Re: [PATCH v1 1/2] KVM: nVMX: get rid of nested_get_page()

Jim Mattson <jmattson@xxxxxxxxxx> · Thu, 3 Aug 2017 09:05:50 -0700

On Thu, Aug 3, 2017 at 8:36 AM, Radim Krčmář <rkrcmar@xxxxxxxxxx> wrote:
> 2017-08-03 16:09+0200, David Hildenbrand:
>> nested_get_page() just sounds confusing. All we want is a page from G1.
>> This is even unrelated to nested.
>>
>> Let's introduce kvm_vcpu_gpa_to_page() so we don't get too lengthy
>> lines.
>>
>> Signed-off-by: David Hildenbrand <david@xxxxxxxxxx>
>> ---
>
> I like the cleanup, but a subtle change in behavior that makes me wary:
>
>> diff --git a/arch/x86/kvm/vmx.c b/arch/x86/kvm/vmx.c
>> @@ -9535,15 +9528,15 @@ static void nested_get_vmcs12_pages(struct kvm_vcpu *vcpu,
>>                */
>>               if (vmx->nested.apic_access_page) /* shouldn't happen */
>>                       nested_release_page(vmx->nested.apic_access_page);
>> -             vmx->nested.apic_access_page =
>> -                     nested_get_page(vcpu, vmcs12->apic_access_addr);
>> +             page = kvm_vcpu_gpa_to_page(vcpu, vmcs12->apic_access_addr);
>
> If what shouldn't happen happened and then kvm_vcpu_gpa_to_page()
> failed, we'd be calling put_page() twice on the same page.  I think the
> situation currently can happen if VM entry fails after this point.
>
> Assigning 'vmx->nested.apic_access_page = NULL' when releasing the page
> sounds safer.
>
> Unless I'm reading something wrong, the "shouldn't happen" really
> shouldn't happen if we did something like this:
>
> diff --git a/arch/x86/kvm/vmx.c b/arch/x86/kvm/vmx.c
> index e34373838b31..d26e6693f748 100644
> --- a/arch/x86/kvm/vmx.c
> +++ b/arch/x86/kvm/vmx.c
> @@ -10462,8 +10462,6 @@ static int enter_vmx_non_root_mode(struct kvm_vcpu *vcpu, bool from_vmentry)
>                 return 1;
>         }
>
> -       nested_get_vmcs12_pages(vcpu, vmcs12);
> -
>         msr_entry_idx = nested_vmx_load_msr(vcpu,
>                                             vmcs12->vm_entry_msr_load_addr,
>                                             vmcs12->vm_entry_msr_load_count);
> @@ -10475,6 +10473,8 @@ static int enter_vmx_non_root_mode(struct kvm_vcpu *vcpu, bool from_vmentry)
>                 return 1;
>         }
>
> +       nested_get_vmcs12_pages(vcpu, vmcs12);
> +
>         /*
>          * Note no nested_vmx_succeed or nested_vmx_fail here. At this point
>          * we are no longer running L1, and VMLAUNCH/VMRESUME has not yet
>
>>               /*
>>                * If translation failed, no matter: This feature asks
>>                * to exit when accessing the given address, and if it
>>                * can never be accessed, this feature won't do
>>                * anything anyway.
>>                */

This comment is incorrect. On real hardware, the APIC access page
doesn't have to exist (i.e. be backed by actual memory), because the
APIC access page is never accessed. Think of the APIC access page as a
sentinel value that the hypervisor can put in the page tables (EPT
page tables if they are in use, x86 page tables otherwise) to trigger
APIC virtualization. If there is an access, it is to the page at the
virtual APIC address, not the APIC access page.

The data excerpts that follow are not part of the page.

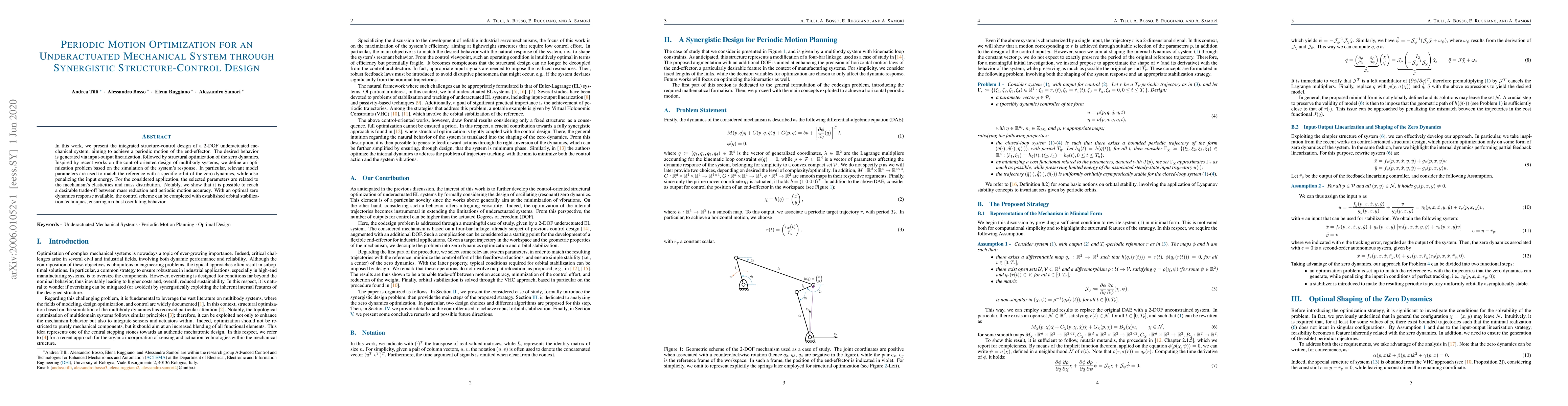 In this work, we present the integrated structure-control design of a 2-DOF underactuated mechanical system, aiming to achieve a periodic motion of the end-effector. The desired behavior is generated via input-output linearization, followed by structural optimization of the zero dynamics. Inspired by recent works on the control-oriented design of multibody systems, we define an optimization problem based on the simulation of the system's response. In particular, relevant model parameters are used to match the reference with a specific orbit of the zero dynamics, while also penalizing the input energy. For the considered application, the selected parameters are related to the mechanism's elasticities and mass distribution. Notably, we show that it is possible to reach a desirable trade-off between mass reduction and periodic motion accuracy. With an optimal zero dynamics response available, the control scheme can be completed with established orbital stabilization techniques, ensuring a robust oscillating behavior.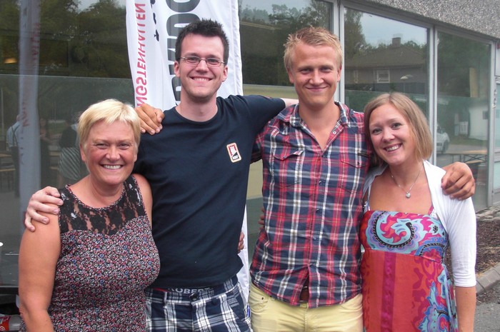 etter en superspurt. Det er noe som heter å ri på Monradbølgen og store seire i de siste rundene er alltid en god ide. :-) 20 og 15 på de to siste var akkurat nok til å ta seieren, knepent foran "To gamle og to gode" og "Hauge". Resultater og spillstensiler finner du i linken ope til høyre. Mariann Grude, Lars Arthur Johansen, Tor Eivind Grude og Tove Stoen.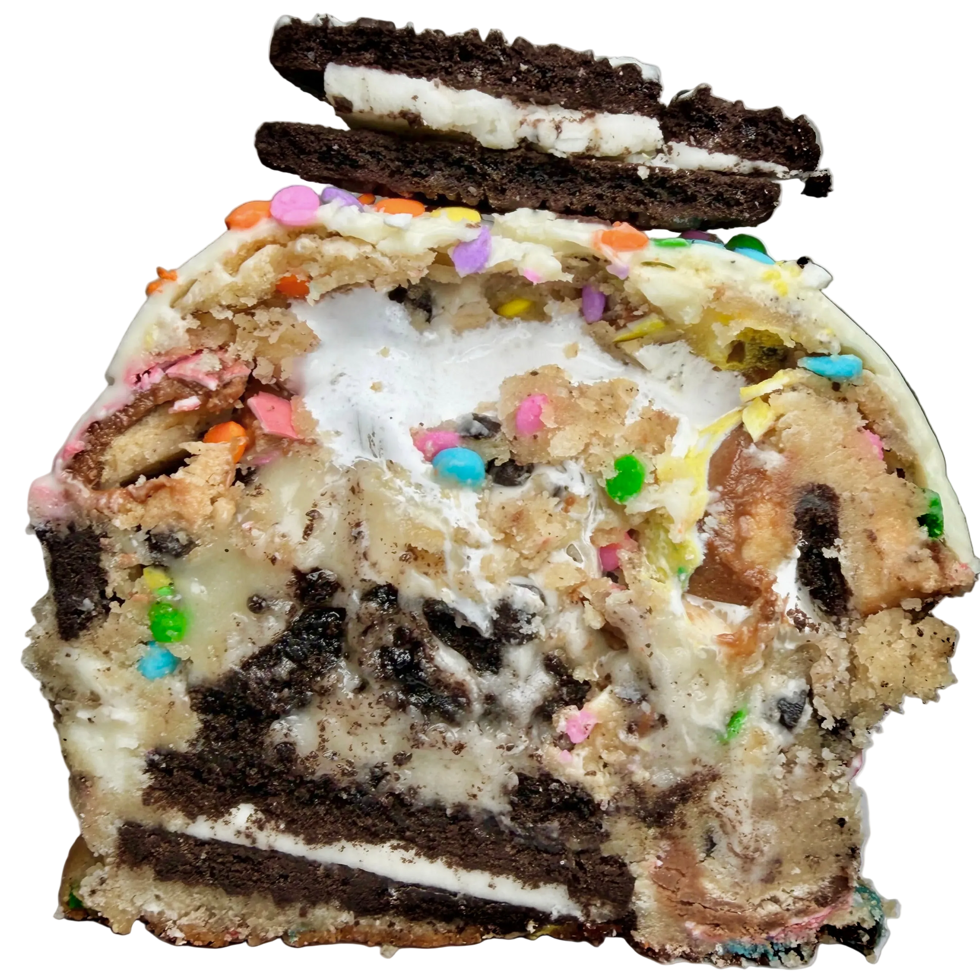 Inside, this cookie is stuffed with Oreo® buttercream, rich white chocolate ganache, and fluffy marshmallow for a layered, gooey center.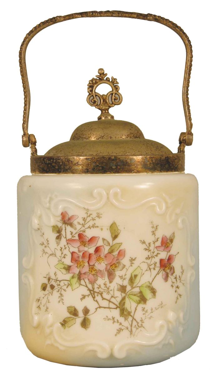 Wave Crest Biscuit Jar. Embossed pale blue and yellow colored floral design. No chips or cracks, excellent condition. 8 inches tall w/o bail.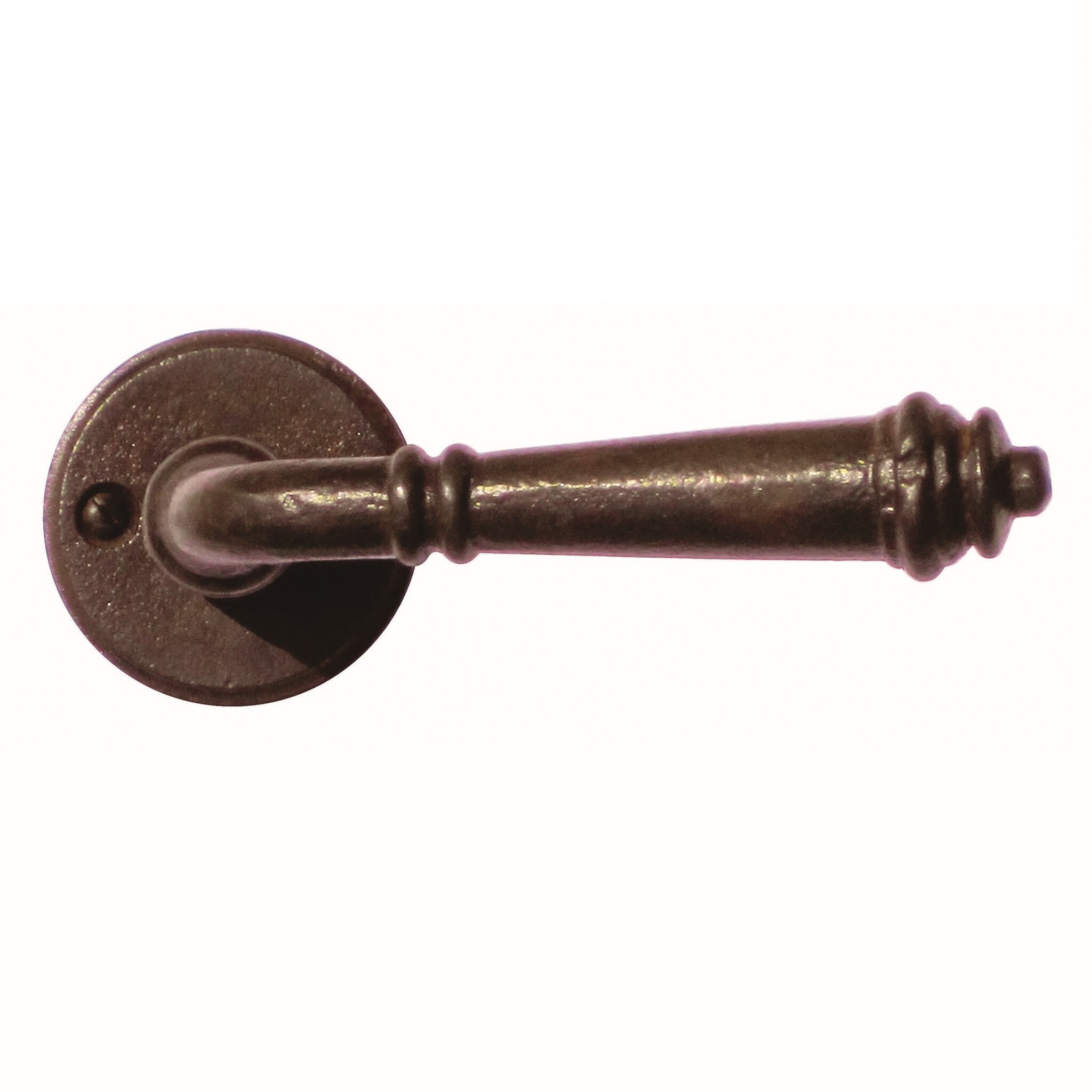 These rust-colored door handles are mounted on a round rosette with screws, giving the door handles a classic, rustic look.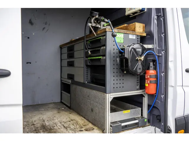 Deze verlengde en verhoogde Mercedes-Benz Sprinter heeft in de laadruimte een volledige bedrijfswageninrichting. Zo beschikt u over een werkbank met bankschroef en schuiflades, een stelling voor opslag en heeft u beschikking over een omvormer. De bedrijfswageninrichting is van Bott wat bekend staat om zijn kwaliteit en zijn lichtgewicht. Ook is de laadruimte uitgevoerd met een lichtgewicht aluminimum rijplaat die extra breed is uitgevoerd zodat u makkelijk grote goederen kan laden. Deze auto geleverd met een logisch verklaarbare Nationale Autopas en een volledige onderhoudshistorie. Mocht u graag wat extra foto's of een filmpje van deze auto ontvangen dan sturen wij u die natuurlijk graag per app of per mail. Wij hebben voor u nog even de meest praktische en luxe opties op een rijtje gezet:✅Centrale deurvergrendeling met afstandsbediening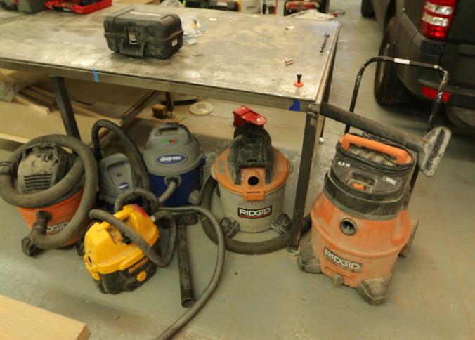 Shop vacs including Ridgid 6.5 gallon, 2X Ridgid 6 gallon, one Dewalt DC 500, two Shop Vac one 6 gallon, one 2.5 gallon. Pickup can be completed on both days.

Similarly, in a VM, there need not be a mapping for the APIC access
page for the feature to work as architected. (Or, at least, that's the
way it should work. :-)

>> -             if (vmx->nested.apic_access_page) {
>> +             if (!is_error_page(page)) {
>> +                     vmx->nested.apic_access_page = page;
>>                       hpa = page_to_phys(vmx->nested.apic_access_page);
>>                       vmcs_write64(APIC_ACCESS_ADDR, hpa);
>>               } else {
>> @@ -9560,8 +9553,7 @@ static void nested_get_vmcs12_pages(struct kvm_vcpu *vcpu,
>>       if (nested_cpu_has(vmcs12, CPU_BASED_TPR_SHADOW)) {
>>               if (vmx->nested.virtual_apic_page) /* shouldn't happen */
>>                       nested_release_page(vmx->nested.virtual_apic_page);
>
> Ditto,
>
> thanks.
>
>> -             vmx->nested.virtual_apic_page =
>> -                     nested_get_page(vcpu, vmcs12->virtual_apic_page_addr);
>> +             page = kvm_vcpu_gpa_to_page(vcpu, vmcs12->apic_access_addr);
>>
>>               /*
>>                * If translation failed, VM entry will fail because
>